BEGIN The data
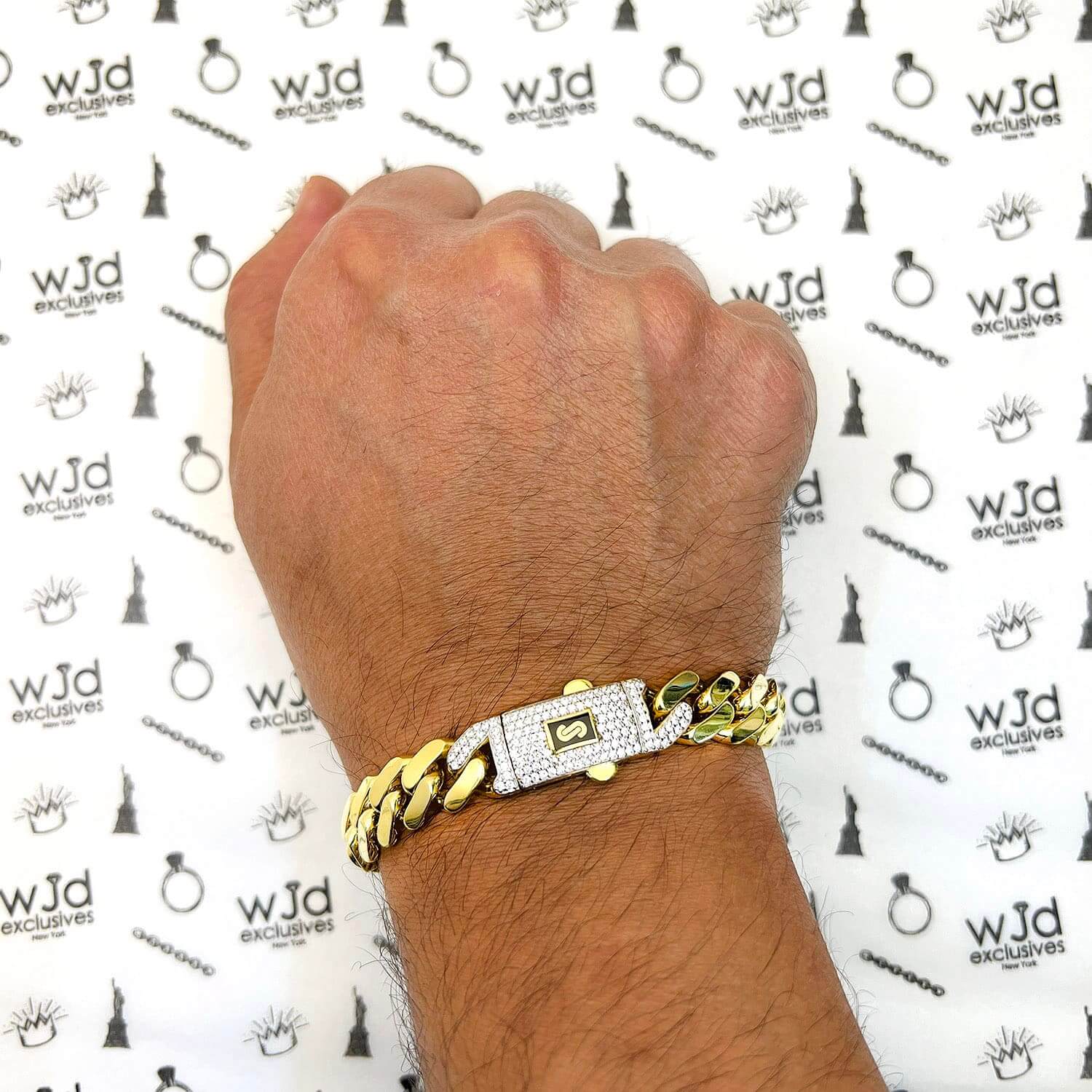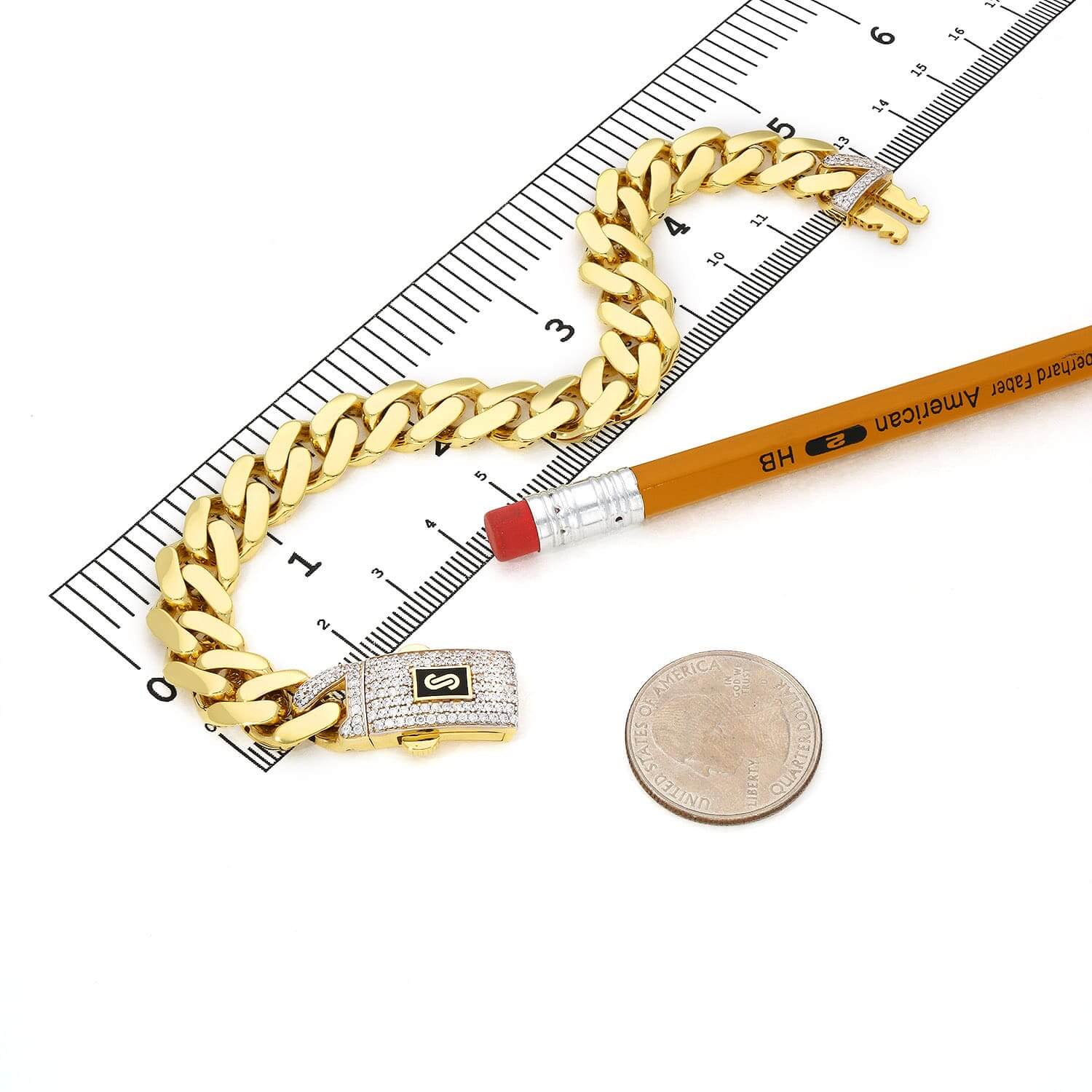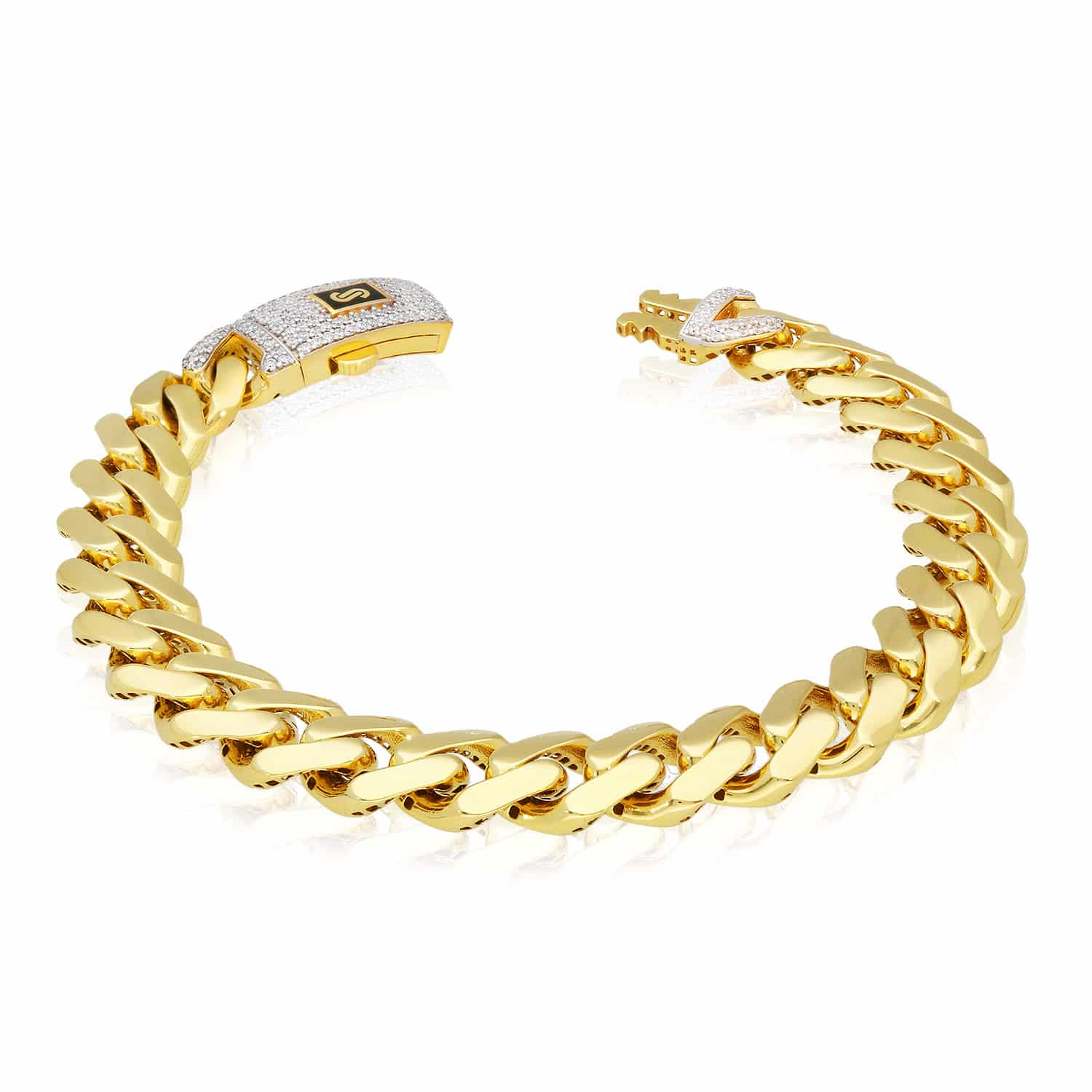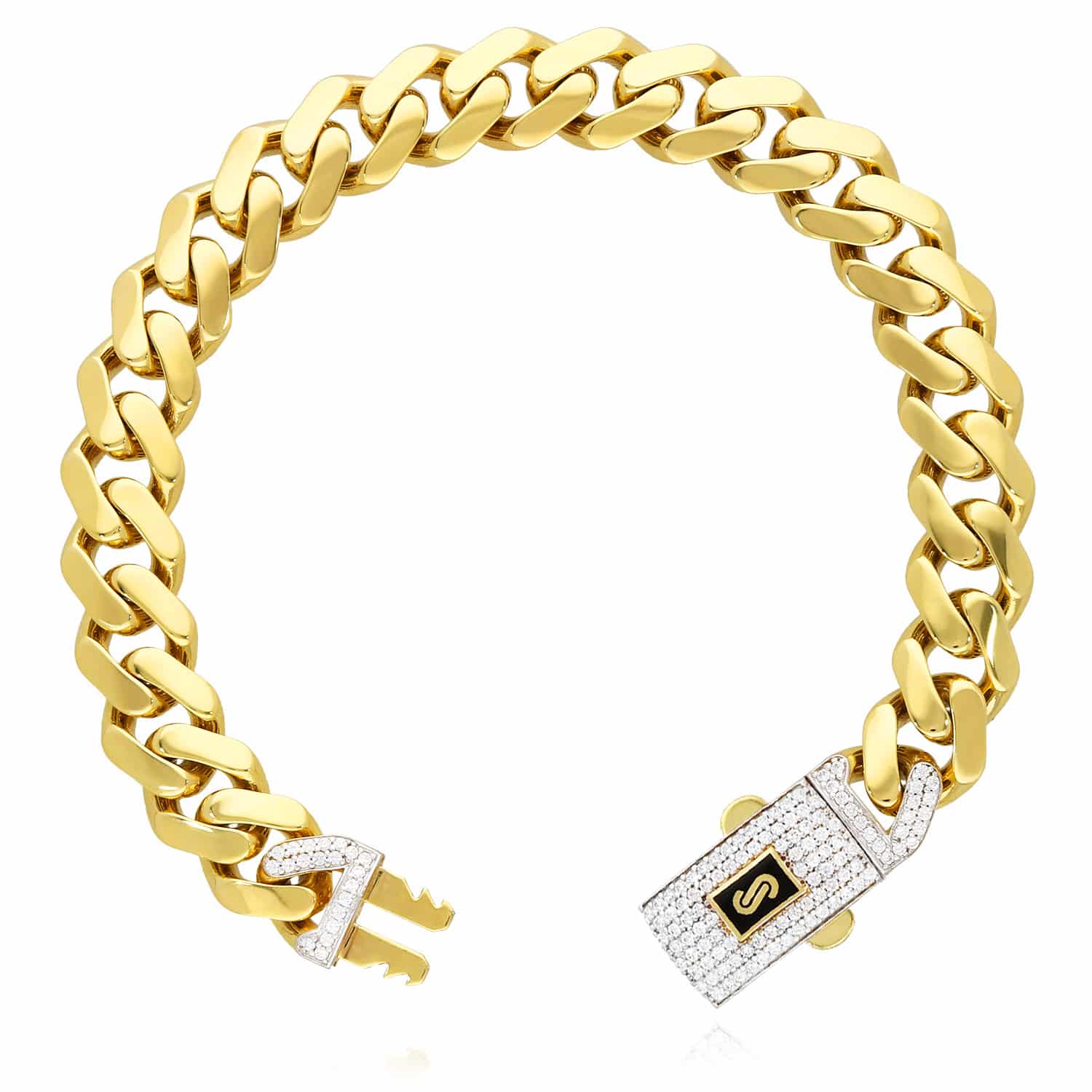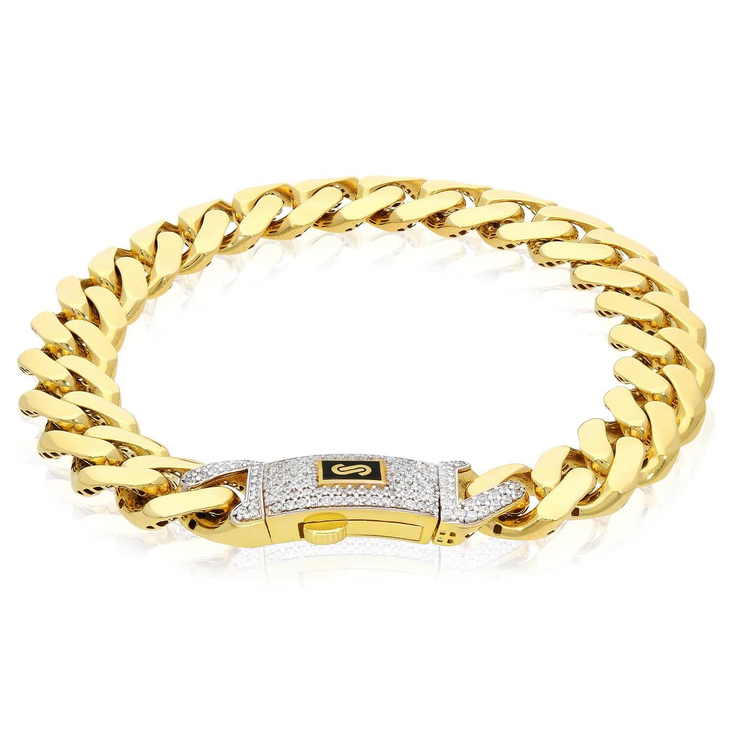 14K Yellow Gold 11.5mm Monaco Miami Bracelet with Swarovski Lock (Hollow) 8.5"Couldn't load pickup availability
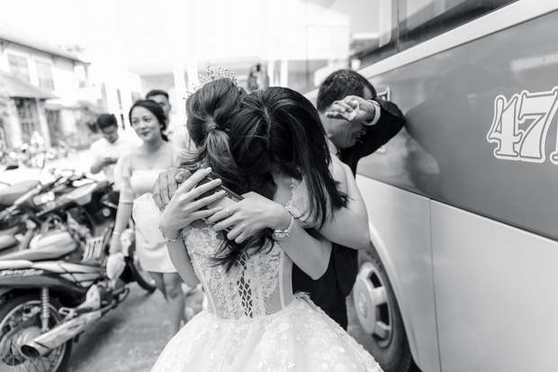Thấy bố khóc, cả nhà khóc theo. Bịn rịn mãi mình mới lên được xe đó", cô dâu chia sẻ.
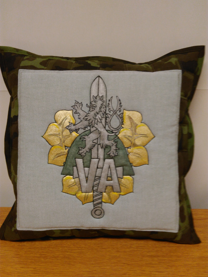 okolo maskáčková látka, malba barvičkami na textil
END The data
> **About this task**: Copy the data above line for line, skipping every picture.

> **Solution for this task**:
 14K Yellow Gold 11.5mm Monaco Miami Bracelet with Swarovski Lock (Hollow) 8.5"Couldn't load pickup availability
Thấy bố khóc, cả nhà khóc theo. Bịn rịn mãi mình mới lên được xe đó", cô dâu chia sẻ.
 okolo maskáčková látka, malba barvičkami na textil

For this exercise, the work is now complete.